Supplied information —

-- Opening Marker --

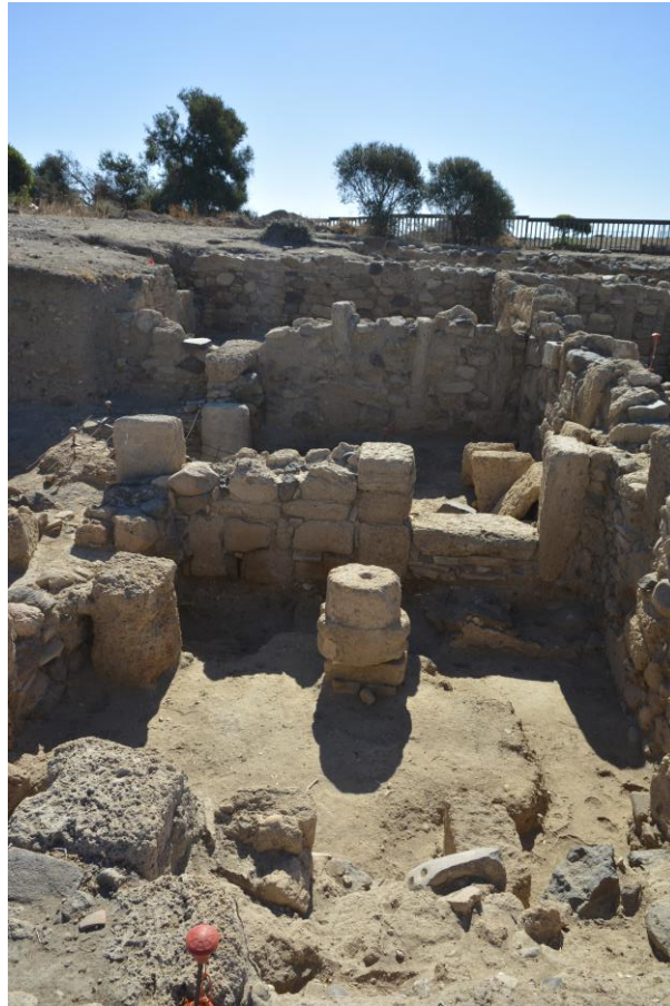
Fig. 10. Nora, Area Gamma II, Vano C (ISTHMOS Project).
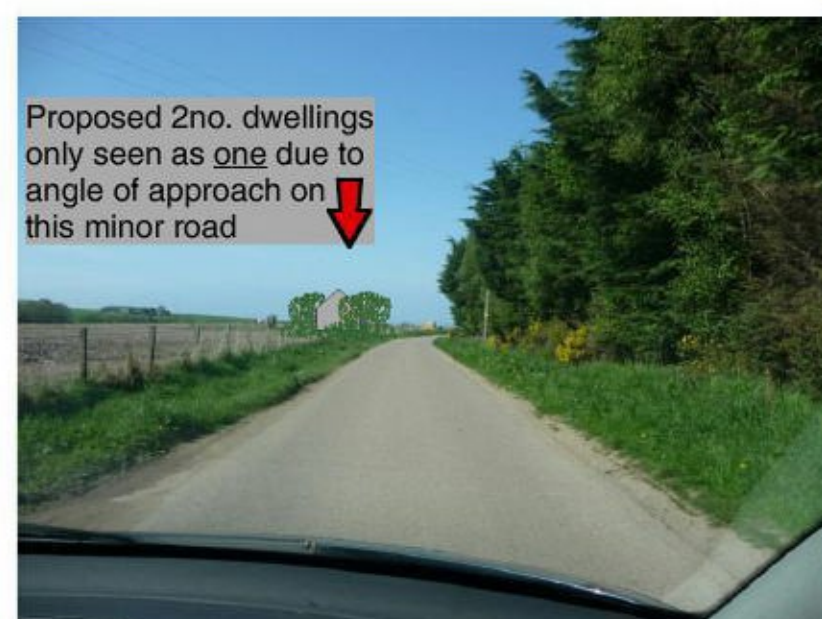
Photo "D". - As "C" but closer. (camera held at eye level within car)
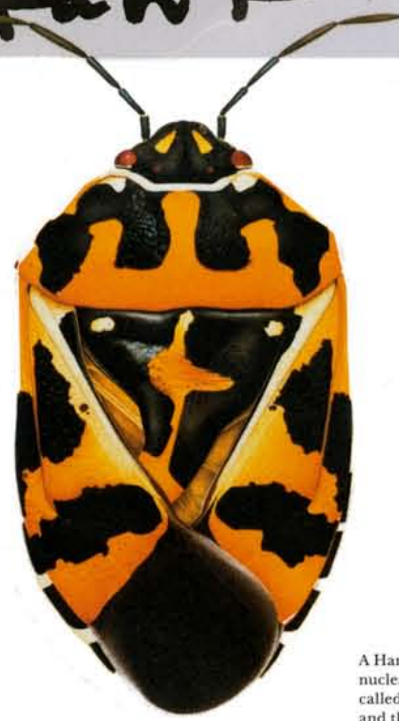
A Harlequin Bug collected near a nuclear power plant in Three Mile Island called Governor's Stable. The shield is bent and the yellow form is asymmetrical.

-- Closing Marker --

Problem description — Copy word for word every line from the one holding "level within car)" to the end of the listing, both ends included, but do not copy any pictures.

Written solution —
Photo "D". - As "C" but closer. (camera held at eye level within car)
A Harlequin Bug collected near a nuclear power plant in Three Mile Island called Governor's Stable. The shield is bent and the yellow form is asymmetrical.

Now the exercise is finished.